During the simulation periods, Group B consistently exhibits higher median UTCI values and wider interquartile ranges than Group A, indicating more intense and variable thermal stress when surface temperature dynamics and detailed radiative exchange are explicitly resolved [19,29,43]. In contrast, Group A shows lower median UTCI values and more compact distributions, reflecting the simplified treatment of surface thermal behavior and Tmrt in the LB-only workflow [45,46]. Group C generally lies between Groups A and B, with median values more closely aligned with Group A on most days, suggesting that the reference-equation-based approach captures overall thermal conditions but underrepresents variability associated with complex surface–radiation interactions [27,43]. Despite differences in absolute magnitude, all three groups show similar day-to-day variability, with UTCI peaks occurring during the heatwave periods in mid-July and mid-August.

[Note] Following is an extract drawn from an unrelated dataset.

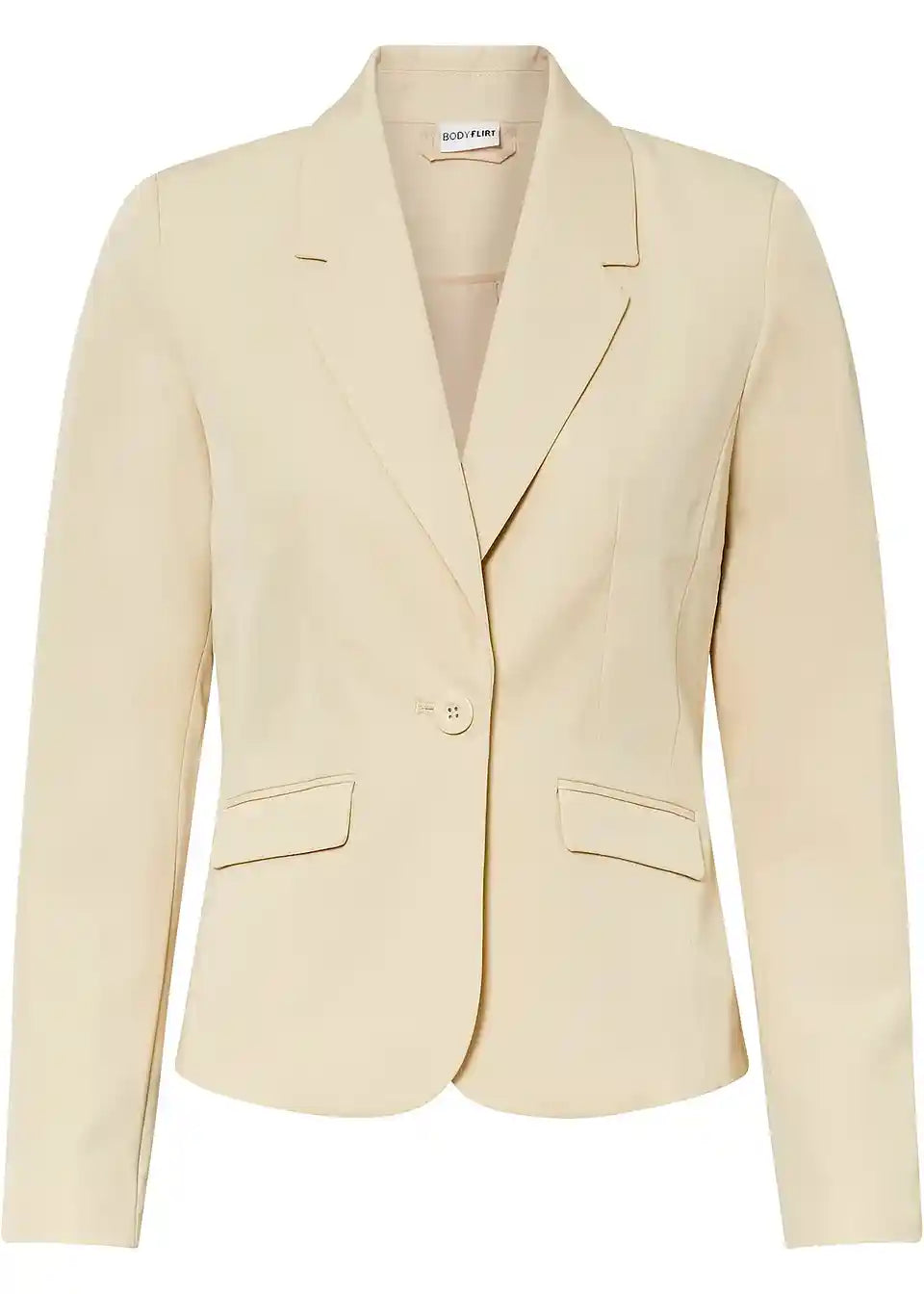 Žensko krojen kratek blazer s čudovitimi žepki s preklopom.

Median UTCI values are generally lower in July (approximately 30–40 °C) and increase substantially in August, frequently exceeding 40 °C for Groups B and C, consistent with hotter August conditions. These elevated UTCI levels indicate markedly reduced OTC during peak heatwave days [1,10]. As UTCI integrates Ta, RH, WS, and Tmrt, elevated values indicate deteriorated outdoor thermal comfort. The coupled LB&HB workflow explicitly resolves surface heat storage and short- and long-wave radiative exchange through EnergyPlus and Radiance, thereby enhancing sensitivity to solar loading and shading configuration and resulting in higher and more variable UTCI estimates [35]. In contrast, the LB workflow relies on simplified surface temperature representations, which dampen radiative feedback and yield more stable UTCI distributions.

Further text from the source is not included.